**Required action**
Your answer must hold only the lines below from the line containing "Raphael Minder, corresponsal" through the line containing "Shiatsu Neck and", each reproduced exactly.

**Data for the task**
● ● ● ● ●
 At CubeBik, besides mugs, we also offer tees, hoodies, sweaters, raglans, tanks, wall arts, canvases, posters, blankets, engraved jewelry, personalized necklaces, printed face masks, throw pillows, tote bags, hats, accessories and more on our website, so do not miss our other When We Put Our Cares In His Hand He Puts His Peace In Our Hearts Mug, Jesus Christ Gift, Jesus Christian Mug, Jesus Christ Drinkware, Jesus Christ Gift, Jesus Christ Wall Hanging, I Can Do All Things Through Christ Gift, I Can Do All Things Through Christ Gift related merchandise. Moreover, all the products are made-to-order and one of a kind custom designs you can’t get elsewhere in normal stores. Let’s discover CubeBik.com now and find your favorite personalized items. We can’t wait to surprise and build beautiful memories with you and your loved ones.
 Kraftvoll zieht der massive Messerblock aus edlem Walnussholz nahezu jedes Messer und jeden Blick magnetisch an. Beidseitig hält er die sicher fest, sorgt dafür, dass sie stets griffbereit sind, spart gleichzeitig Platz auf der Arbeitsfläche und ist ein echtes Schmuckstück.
● ● ● ● ●
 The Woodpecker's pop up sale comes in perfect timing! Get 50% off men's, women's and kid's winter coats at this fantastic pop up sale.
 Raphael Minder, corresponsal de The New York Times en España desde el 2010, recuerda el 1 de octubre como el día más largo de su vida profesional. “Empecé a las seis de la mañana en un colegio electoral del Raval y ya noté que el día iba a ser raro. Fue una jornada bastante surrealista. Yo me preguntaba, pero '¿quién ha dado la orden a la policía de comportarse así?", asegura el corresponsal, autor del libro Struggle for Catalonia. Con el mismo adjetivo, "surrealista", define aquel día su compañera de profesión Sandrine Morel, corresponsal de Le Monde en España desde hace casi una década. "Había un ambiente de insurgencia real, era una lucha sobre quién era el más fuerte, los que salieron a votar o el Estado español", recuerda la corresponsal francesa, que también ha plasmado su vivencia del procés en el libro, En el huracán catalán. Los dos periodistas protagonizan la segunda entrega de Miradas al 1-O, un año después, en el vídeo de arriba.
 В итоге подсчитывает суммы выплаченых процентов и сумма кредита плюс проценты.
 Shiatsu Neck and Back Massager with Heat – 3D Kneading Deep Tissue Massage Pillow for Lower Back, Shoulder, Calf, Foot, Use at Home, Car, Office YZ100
● ● ● ● ●
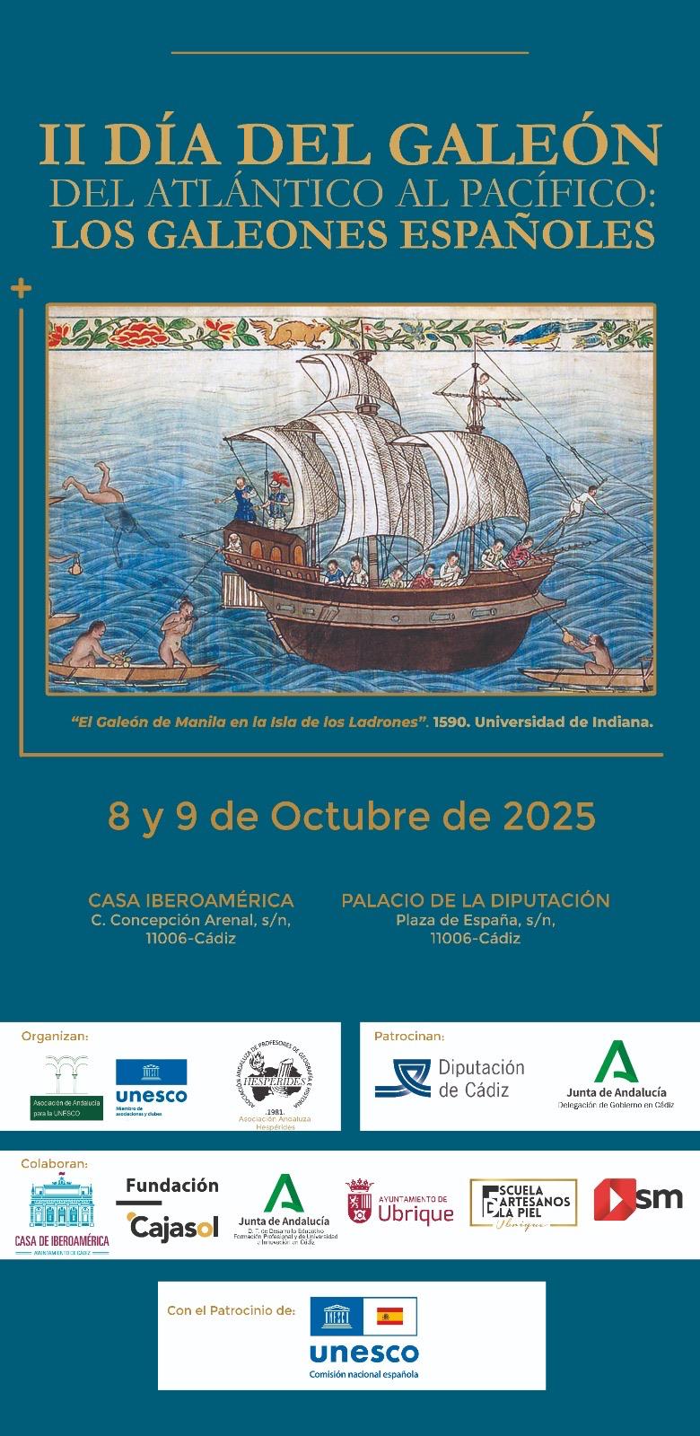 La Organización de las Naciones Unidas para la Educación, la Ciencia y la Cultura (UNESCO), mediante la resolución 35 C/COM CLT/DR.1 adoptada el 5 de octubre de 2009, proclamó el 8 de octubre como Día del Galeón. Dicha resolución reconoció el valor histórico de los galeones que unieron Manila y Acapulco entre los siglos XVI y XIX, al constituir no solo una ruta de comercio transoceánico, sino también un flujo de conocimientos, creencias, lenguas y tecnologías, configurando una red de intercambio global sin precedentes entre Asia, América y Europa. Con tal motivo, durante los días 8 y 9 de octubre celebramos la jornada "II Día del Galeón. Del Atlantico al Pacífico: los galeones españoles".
● ● ● ● ●
**Exercise output**
 Raphael Minder, corresponsal de The New York Times en España desde el 2010, recuerda el 1 de octubre como el día más largo de su vida profesional. “Empecé a las seis de la mañana en un colegio electoral del Raval y ya noté que el día iba a ser raro. Fue una jornada bastante surrealista. Yo me preguntaba, pero '¿quién ha dado la orden a la policía de comportarse así?", asegura el corresponsal, autor del libro Struggle for Catalonia. Con el mismo adjetivo, "surrealista", define aquel día su compañera de profesión Sandrine Morel, corresponsal de Le Monde en España desde hace casi una década. "Había un ambiente de insurgencia real, era una lucha sobre quién era el más fuerte, los que salieron a votar o el Estado español", recuerda la corresponsal francesa, que también ha plasmado su vivencia del procés en el libro, En el huracán catalán. Los dos periodistas protagonizan la segunda entrega de Miradas al 1-O, un año después, en el vídeo de arriba.
 В итоге подсчитывает суммы выплаченых процентов и сумма кредита плюс проценты.
 Shiatsu Neck and Back Massager with Heat – 3D Kneading Deep Tissue Massage Pillow for Lower Back, Shoulder, Calf, Foot, Use at Home, Car, Office YZ100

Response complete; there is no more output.